Directions for this task
Every line below that holds the string "Gulf" must be copied.

___ Record excerpts ___

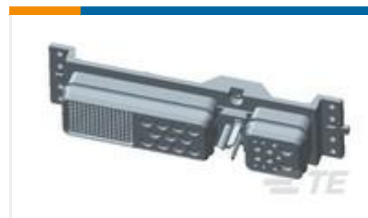
TE Part #1996090-1 A600,PLUG ASSY,SZ 2,150/11Q11 /13C2 RR
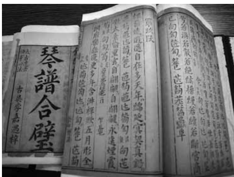
Qin Pu he bi , which includes a score in Chinese Jianzipu notation
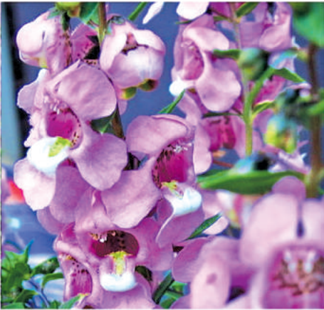
• Sonnet Lavender
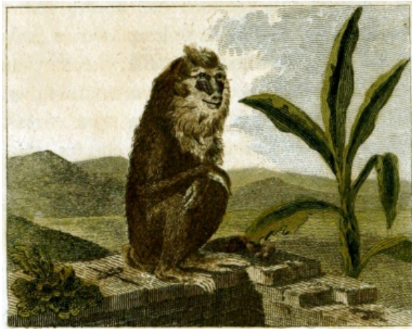
FIG. 199. Mandrill.
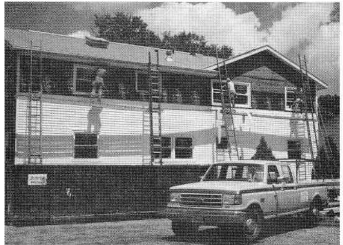
The house in the progress of getting a new face lift...

This list represents many major accomplishments which have been long overdue. It is truly a credit to your representatives on the Executive Board for pursuing these adventures in such a positive fashion. We look forward to the opportunity for continuing to work together in building an even stronger brotherhood in the year to come.
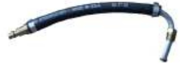
Part # FM3178 NEW Ford Male for an F150

Hook up to bottom line on the temp valve on the transmission side. New fluid line toward transmission.
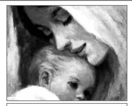
"It is good to await salvation in the hymn of silence, in the quiet certainty that he will come: That poor man who sits waiting, will sit alone and in silence, because the Lord will rise up over him".

Rest your body and spirit, may they be in God's love. We know well how necessary rest is for our physical lives, but what is infinitely more important for man's soul and body together, is to rest in God's Love. It is when Adam is asleep that God creates man, man and woman, in His image and likeness (cfr. Gen 2,21-22; 1,27). It is the dawn of the first day after the Saturday (the sacred day of rest) that brings the annunciation of the Resurrection of Our Lord Jesus Christ. Great events are born in silence, they are ignored or marginally welcomed by our media, but they are delivered and handed over to the mouths of children and infants, to the testimony of those whom the world believes to be insignificant. Things could not be otherwise, because nothing of that which exists in the world can contain God if not man's heart, as long as it is an open heart - that is, not folded back on itself - a pure heart - that is, free from all forms of power, from bias interest, from all compromise and bargaining - a humble heart - that is, that does not admire and adore itself - a simple heart - that is, that knows how to seek God where He awaits it – a heart,
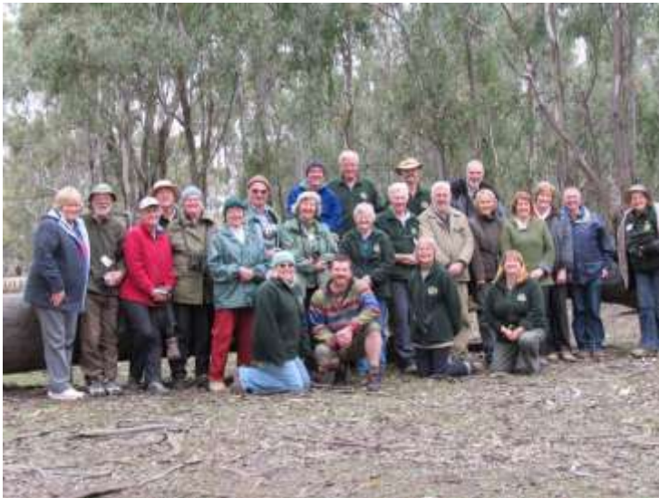
Echuca Weekend Away – May 2011
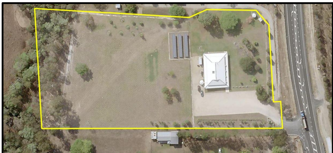
Figure 3: Development site improvements.
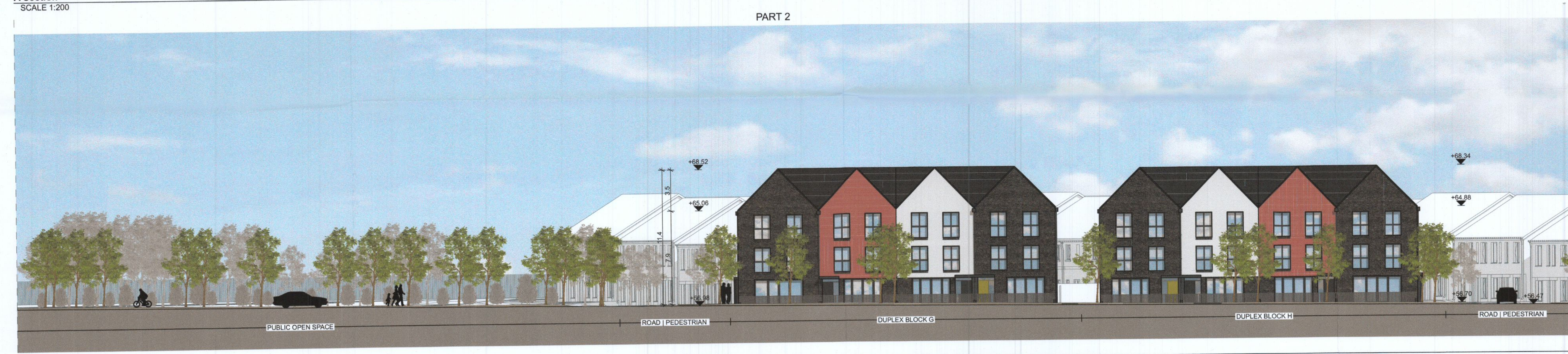
A Section SCALE 1:200
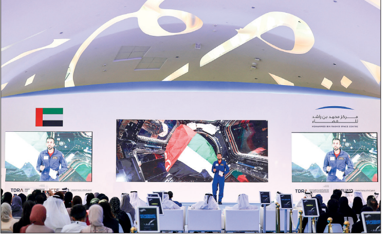
UAE astronaut Sultan AlNeyadi gives a press conference at the Museum of the Future in the Gulf emirate of Dubai on 2 February 2023.

Gulf monarchies have been seeking to diversify their energy-reliant economies through a
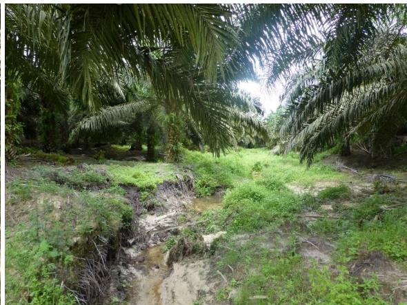
Image 3. Stream in sub-plot 23, in the lower part of the hill, where organic soils can be found (right)
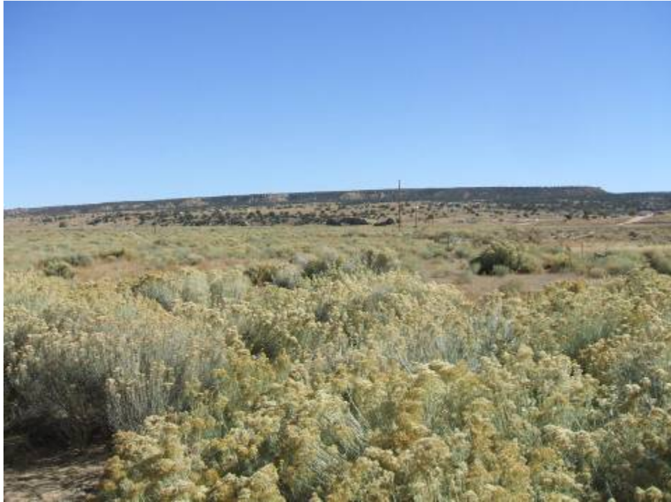
Photo 1. Section 16 Deposit site, towards the east
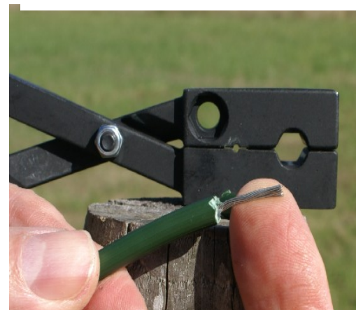
Push the cable on the side of the cable
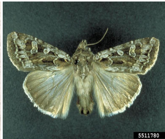
Army cutworm moth.
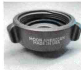
2.5 F NH X 1.5 M NH Part #: 369-2521524
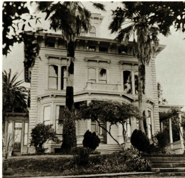
Muir House. Built 1882.

Man must see himself as a child of nature, he thought, with a vast stake in achieving a harmonious relationship with the rest of the natural world.
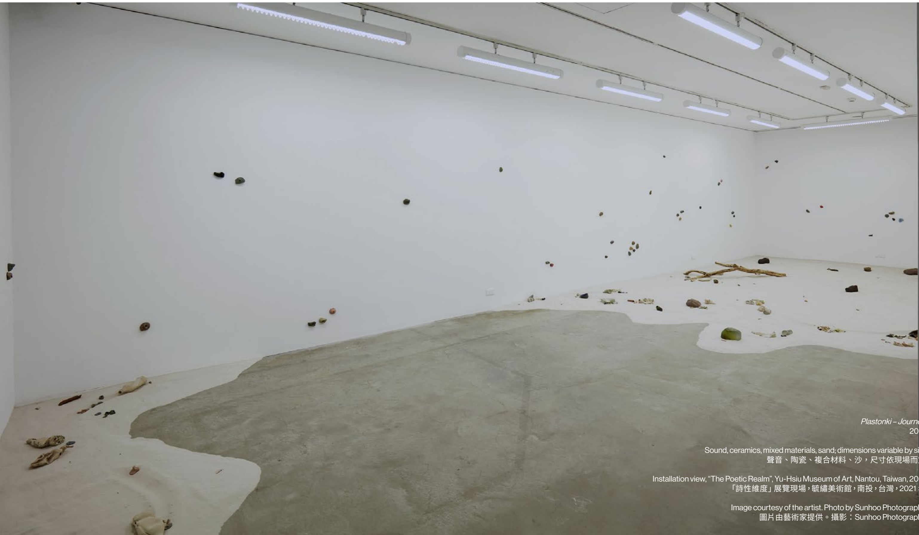
Plastonki - Journey 2021

Sound, ceramics, mixed materials, sand; dimensions variable by site 聲音、陶瓷、複合材料、沙，尺寸依現場而定
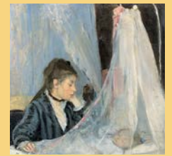
Focus on the Arts Page 8
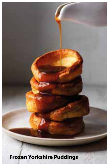
Frozen Yorkshire Puddings
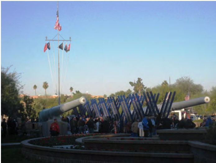
Names of Arizona WWII veterans who died in the war are between the USS Arizona gun barrel (on left) and the USS Missouri
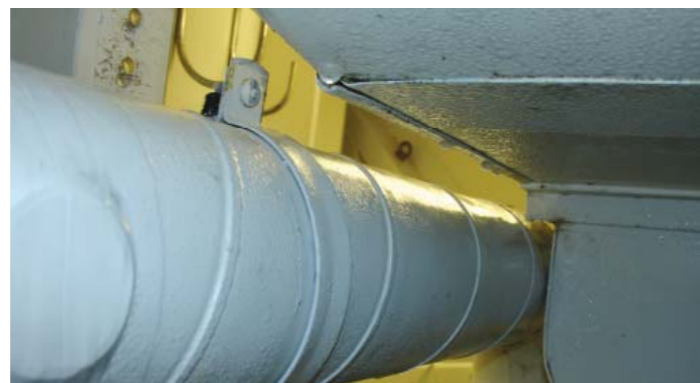
Image 1: Dirty ductwork can introduce mould, dust and other irritants into the indoor air.
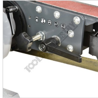
Belt Tensioner Adjustment
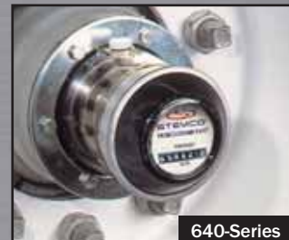
640-Series Grilamid Hubodometer ® Hub Cap
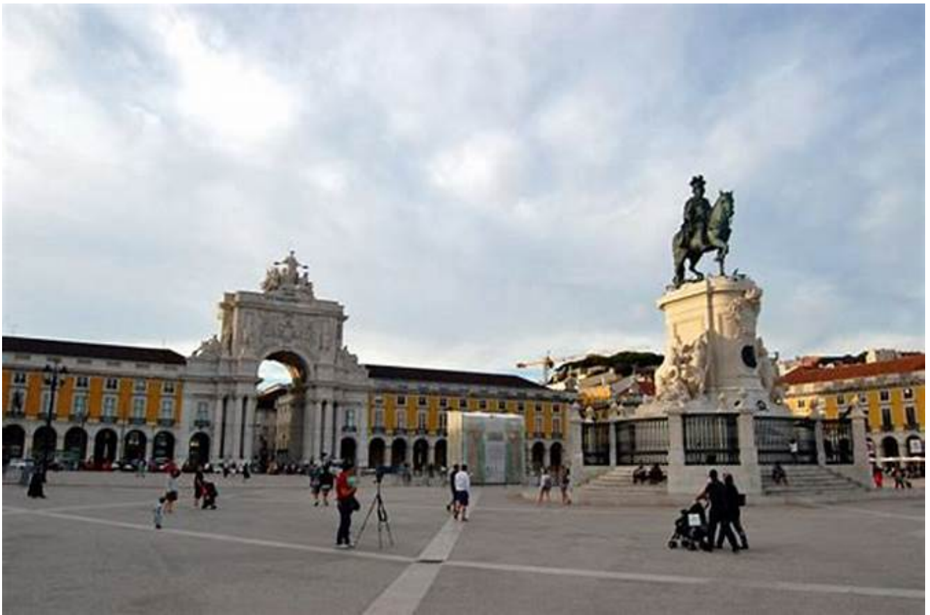
The grand Praça do Comércio in the Baixa district
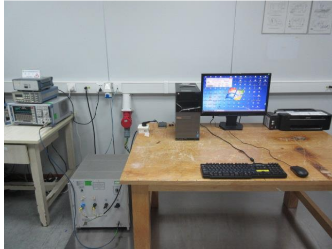
Radiated Emission (30MHz-1GHz) Connect to PC
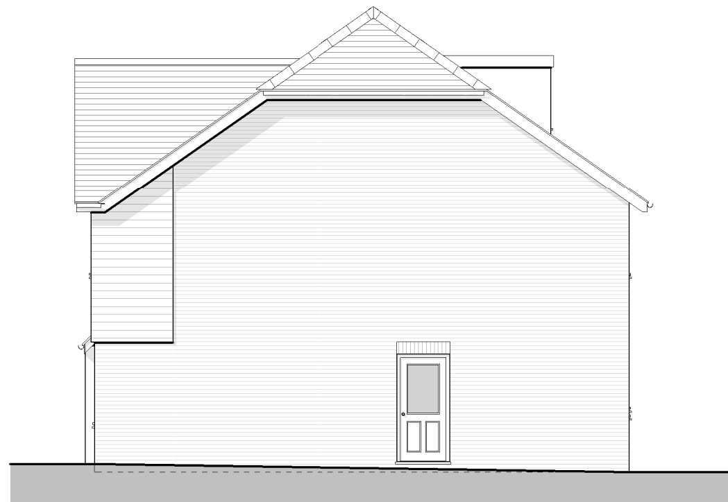
Plot 8 Right Elevation
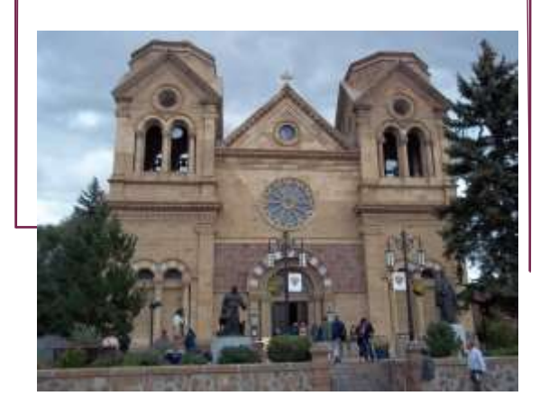
Visit the Cathedral in Santa Fe and learn of its history.
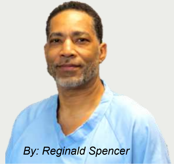
By: Reginald Spencer

The African Hebrew Israelites classes here at KLSRC is peer-led and we believe and teach that the Bible is to be accepted as an inherent and infallible, historical and spiritual document. We're willing to extend the hand of Brotherhood to all wanting to express Righteous/Positive behavior and conduct and promote the unification in principle and truth of everyone, regardless of race, religion, creed or color.
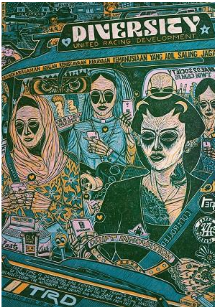
Mohamad 'Ucup' Yusuf On the way , 2018 reduction woodblock print, Edition 6 90 x 61 cm
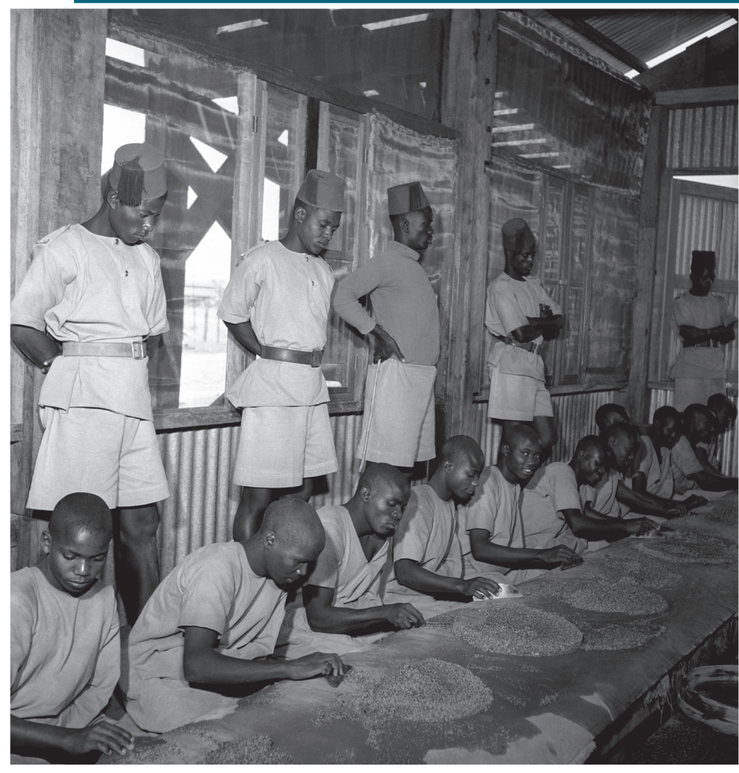
Young men working with one sleeve sewn up for security at the Williamson Mine's sorting office (1948)
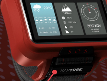
Metallic wristband buckle
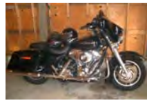
2006 Harley Davidson
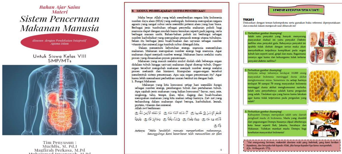
Figure 1. Human Digestive System Teaching Materials

In this study, student's worksheet is designed to contain various health problems of human digestive organs in real life with the hope that students can carry out scientific activities such as observations, investigations, experiments and students are expected to be able to provide solutions to various digestive organ health problems that arise in the community. In student's worksheet, there are higher order thinking skills (HOTS) questions that are adjusted to the conditions of junior high school's students. Scientific activities in the 2013 curriculum are set out in a scientific approach which has stages, namely observing, asking, exploring, associating and communicating. This scientific approach with the attribute "doing science". This approach facilitates the learning process to be more meaningful and detailed (Arini, 2020).
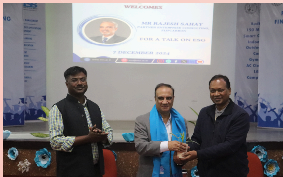
Speaker felicitated during the Leadership Talk

'How is one is able to envision the future and prepare themselves' and the second 'How does one create a USP'. He emphasised on the business opportunities in today's time like mental wellbeing being a rising business. He talked about the climate change concern across the globe, the movement of demographics in present context, and how a growing economy means a growing population.
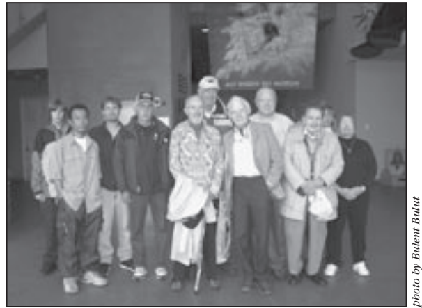
Utab Chapter of the Tenth Mountain Division Association
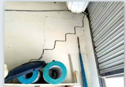
Stair-step crack from building corner interior
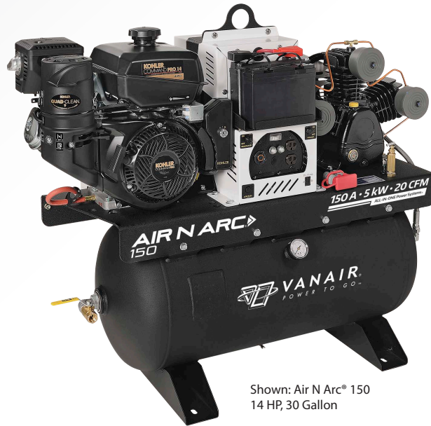
Shown: Air N Arc® 150 14 HP, 30 Gallon
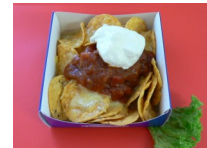
16. Nachos $3.80 Cheese Salsa Sour Cream
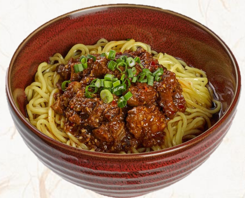
소고기 사태국수 (소고기:미국산) Handmade Noodle with Braised Beef 18
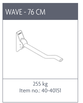
Can also be used for Ropox Toilet Lifter
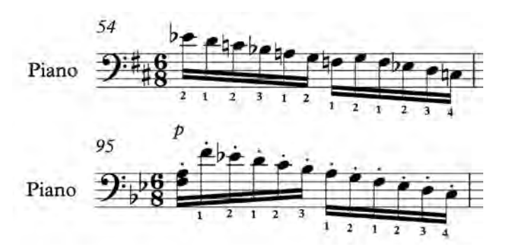
Example 8 . Trio for piano, violin and violoncello, WoO 39, bars 54 and 95 (in both cases, the left hand)

The repeated use of the first and second fingers also occurs in the left hand of bars 27–28, in which a sequence of nine notes is played by only two (!) fingers:
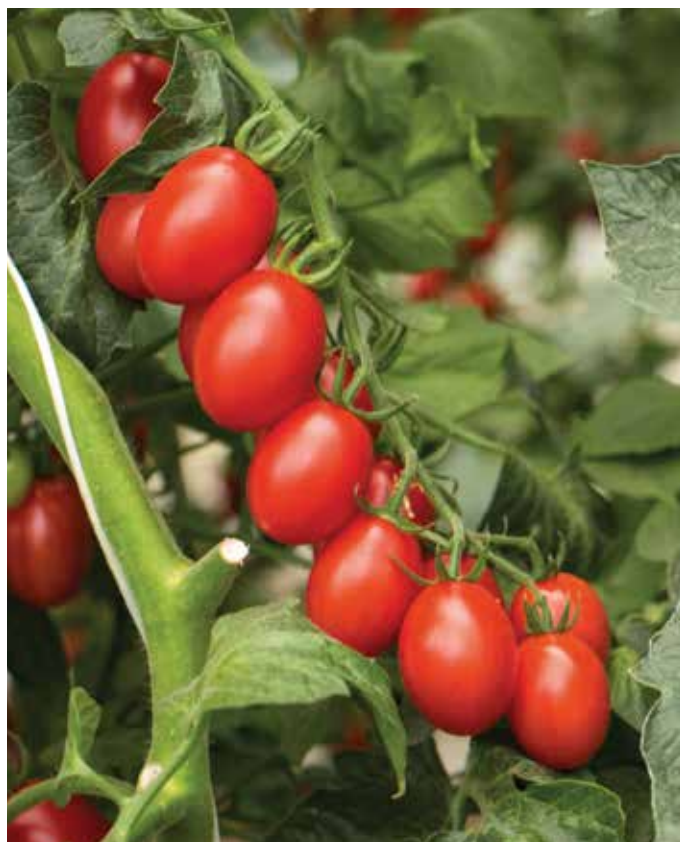
BOOST Tasti-Wee Tomato

___

Result
UAE astronaut Sultan AlNeyadi gives a press conference at the Museum of the Future in the Gulf emirate of Dubai on 2 February 2023.
Gulf monarchies have been seeking to diversify their energy-reliant economies through a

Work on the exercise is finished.